━━━━━ SOURCE DATA
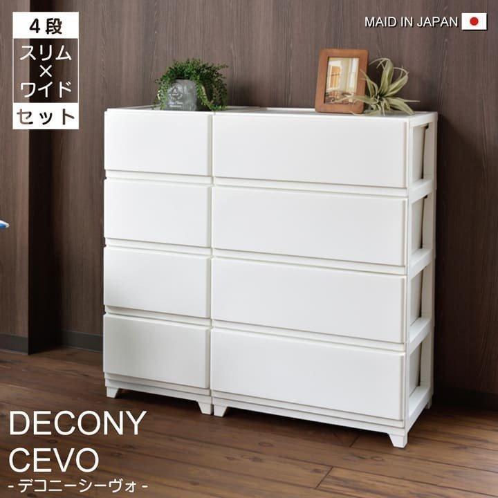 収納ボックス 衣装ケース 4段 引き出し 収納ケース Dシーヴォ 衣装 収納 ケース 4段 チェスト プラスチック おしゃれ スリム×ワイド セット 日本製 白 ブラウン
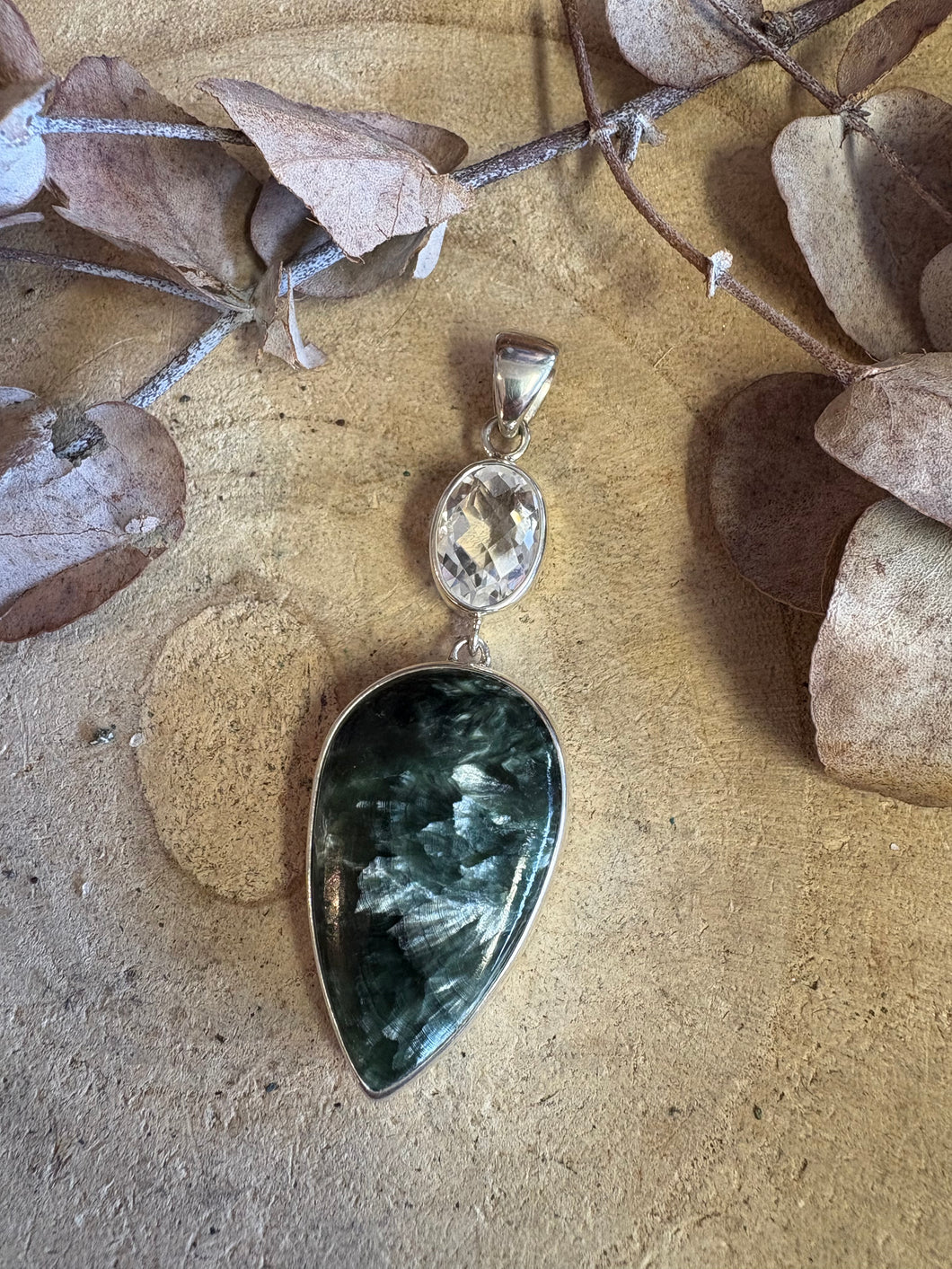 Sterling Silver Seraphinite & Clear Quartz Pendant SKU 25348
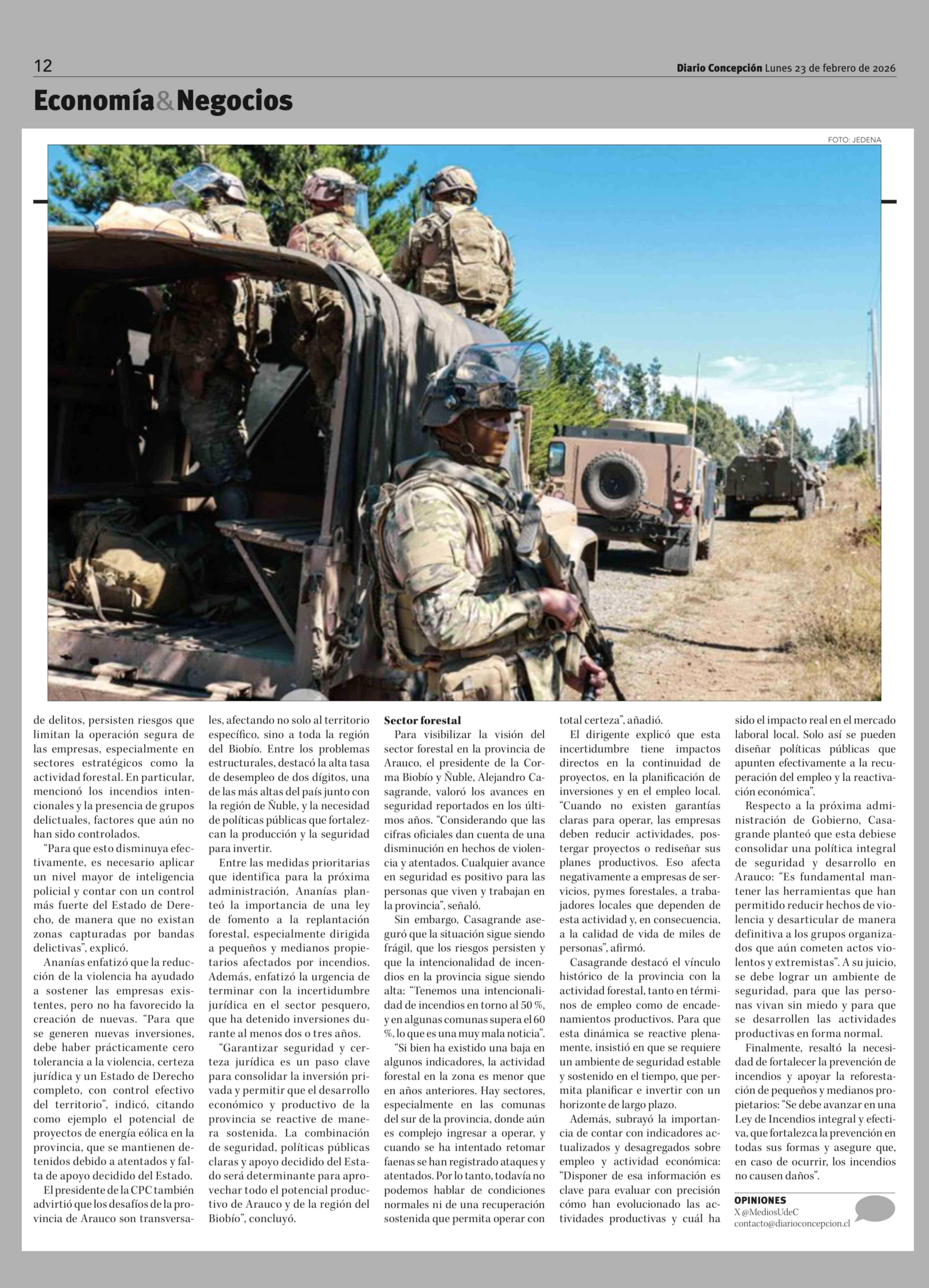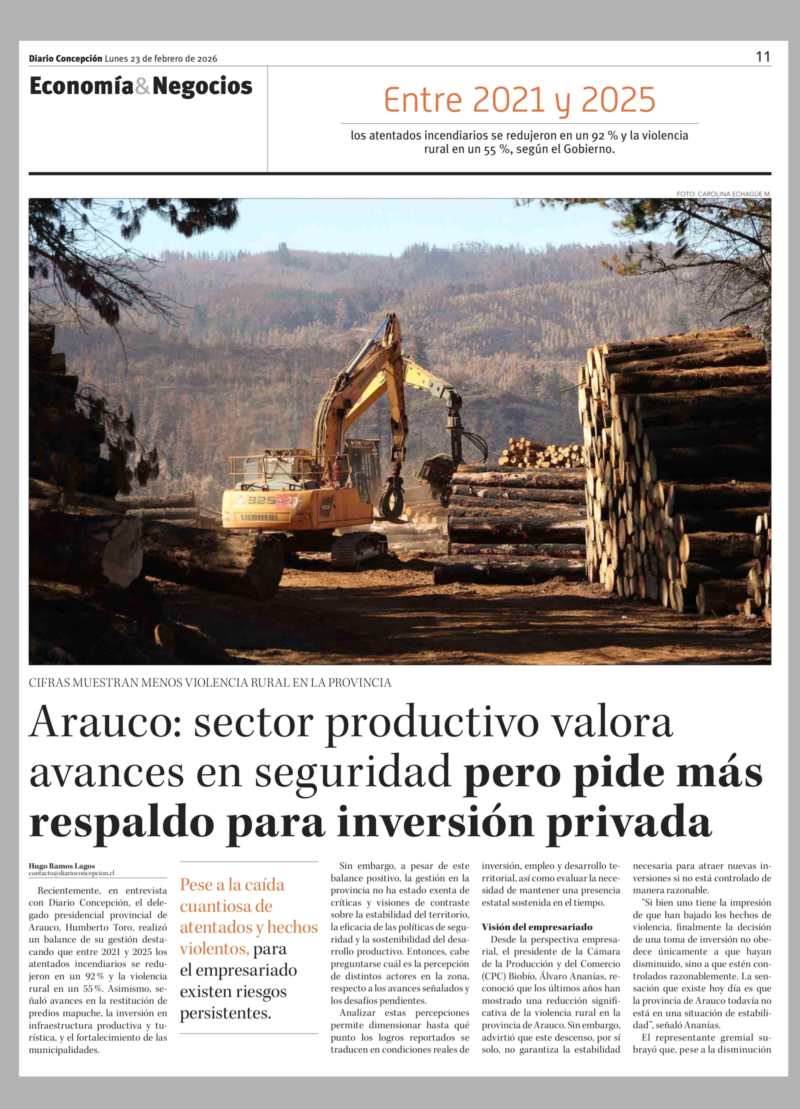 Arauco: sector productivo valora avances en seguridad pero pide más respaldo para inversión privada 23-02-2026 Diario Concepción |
━━━━━━━━━━
• [WHAT TO PRODUCE]: Since the pictures are not wanted, write out the rest of the data exactly as it reads.

• [SOLUTION FOR THIS EXERCISE]:
 収納ボックス 衣装ケース 4段 引き出し 収納ケース Dシーヴォ 衣装 収納 ケース 4段 チェスト プラスチック おしゃれ スリム×ワイド セット 日本製 白 ブラウン
 Sterling Silver Seraphinite & Clear Quartz Pendant SKU 25348
 Arauco: sector productivo valora avances en seguridad pero pide más respaldo para inversión privada 23-02-2026 Diario Concepción |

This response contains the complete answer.